■ Task details
Everything in the listing below from the line containing "Utilicé tornillos de" through the line containing "3-in-1 Baby Bassinet" must be repeated exactly; the remaining lines are not wanted.

■ Source data
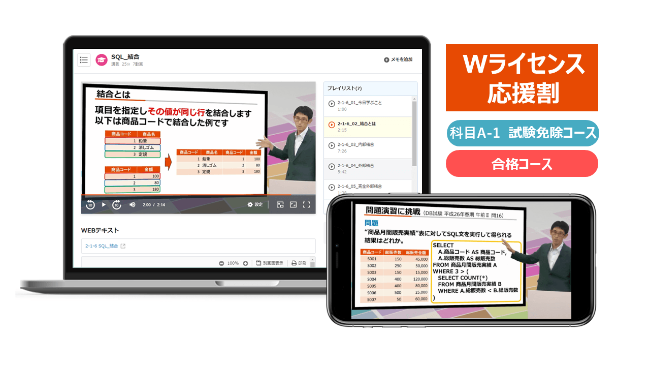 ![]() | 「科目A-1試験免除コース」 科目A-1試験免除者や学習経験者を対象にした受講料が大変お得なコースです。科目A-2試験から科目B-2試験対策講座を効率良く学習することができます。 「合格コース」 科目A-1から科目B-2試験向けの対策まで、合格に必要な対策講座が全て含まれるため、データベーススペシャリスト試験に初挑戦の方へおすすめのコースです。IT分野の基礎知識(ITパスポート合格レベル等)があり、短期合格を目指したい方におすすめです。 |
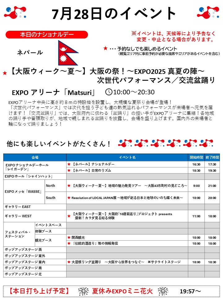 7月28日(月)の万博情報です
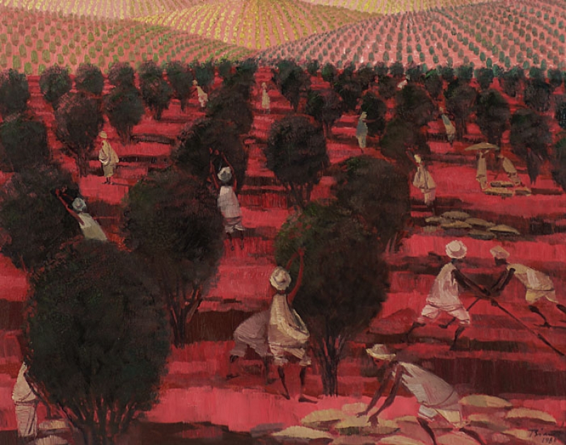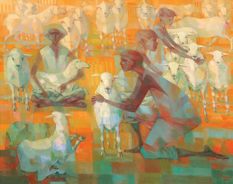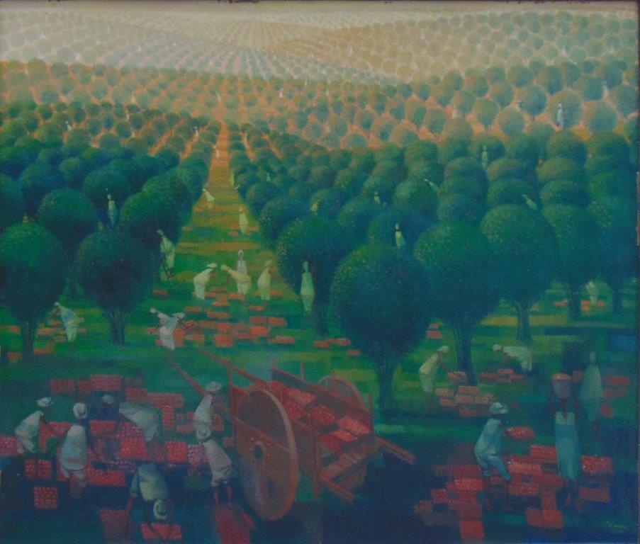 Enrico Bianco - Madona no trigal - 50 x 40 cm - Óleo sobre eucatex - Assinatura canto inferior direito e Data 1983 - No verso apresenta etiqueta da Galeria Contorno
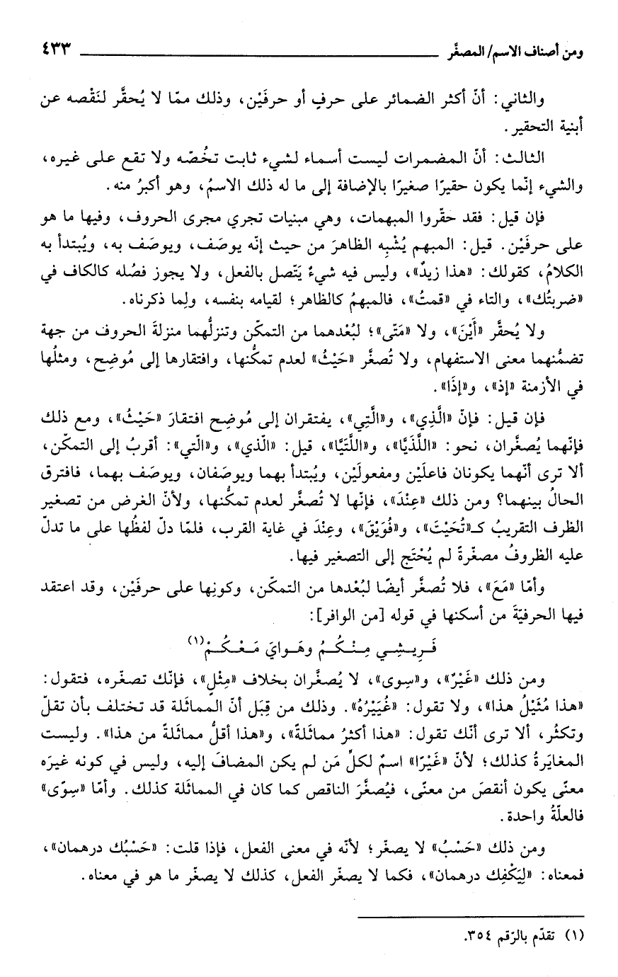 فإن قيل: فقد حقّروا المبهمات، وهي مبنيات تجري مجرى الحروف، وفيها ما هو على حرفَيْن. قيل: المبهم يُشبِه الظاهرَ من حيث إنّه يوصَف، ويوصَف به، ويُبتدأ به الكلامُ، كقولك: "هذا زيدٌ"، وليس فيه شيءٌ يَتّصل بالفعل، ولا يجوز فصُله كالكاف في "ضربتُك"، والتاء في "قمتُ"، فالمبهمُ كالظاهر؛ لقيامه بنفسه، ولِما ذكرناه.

...

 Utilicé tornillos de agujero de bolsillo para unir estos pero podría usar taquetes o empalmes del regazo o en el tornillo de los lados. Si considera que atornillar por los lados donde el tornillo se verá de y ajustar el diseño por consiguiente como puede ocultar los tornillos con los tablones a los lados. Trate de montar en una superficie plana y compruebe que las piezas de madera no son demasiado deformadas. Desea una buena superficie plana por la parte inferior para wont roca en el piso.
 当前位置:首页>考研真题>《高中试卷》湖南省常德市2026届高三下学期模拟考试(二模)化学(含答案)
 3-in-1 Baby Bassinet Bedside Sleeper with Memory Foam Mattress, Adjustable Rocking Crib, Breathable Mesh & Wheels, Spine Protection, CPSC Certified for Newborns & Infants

==

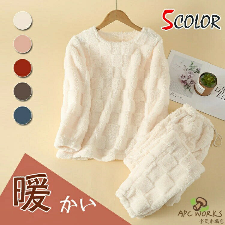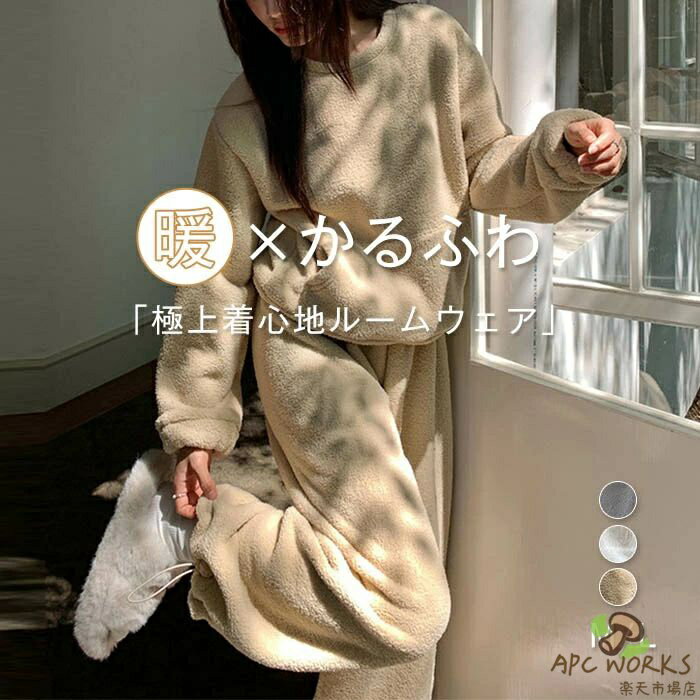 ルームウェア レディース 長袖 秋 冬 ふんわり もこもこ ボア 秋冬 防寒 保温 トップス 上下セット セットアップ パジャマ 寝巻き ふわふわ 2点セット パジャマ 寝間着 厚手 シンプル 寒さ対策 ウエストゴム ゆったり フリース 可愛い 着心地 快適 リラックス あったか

■ Answer for this exercise
 Utilicé tornillos de agujero de bolsillo para unir estos pero podría usar taquetes o empalmes del regazo o en el tornillo de los lados. Si considera que atornillar por los lados donde el tornillo se verá de y ajustar el diseño por consiguiente como puede ocultar los tornillos con los tablones a los lados. Trate de montar en una superficie plana y compruebe que las piezas de madera no son demasiado deformadas. Desea una buena superficie plana por la parte inferior para wont roca en el piso.
 当前位置:首页>考研真题>《高中试卷》湖南省常德市2026届高三下学期模拟考试(二模)化学(含答案)
 3-in-1 Baby Bassinet Bedside Sleeper with Memory Foam Mattress, Adjustable Rocking Crib, Breathable Mesh & Wheels, Spine Protection, CPSC Certified for Newborns & Infants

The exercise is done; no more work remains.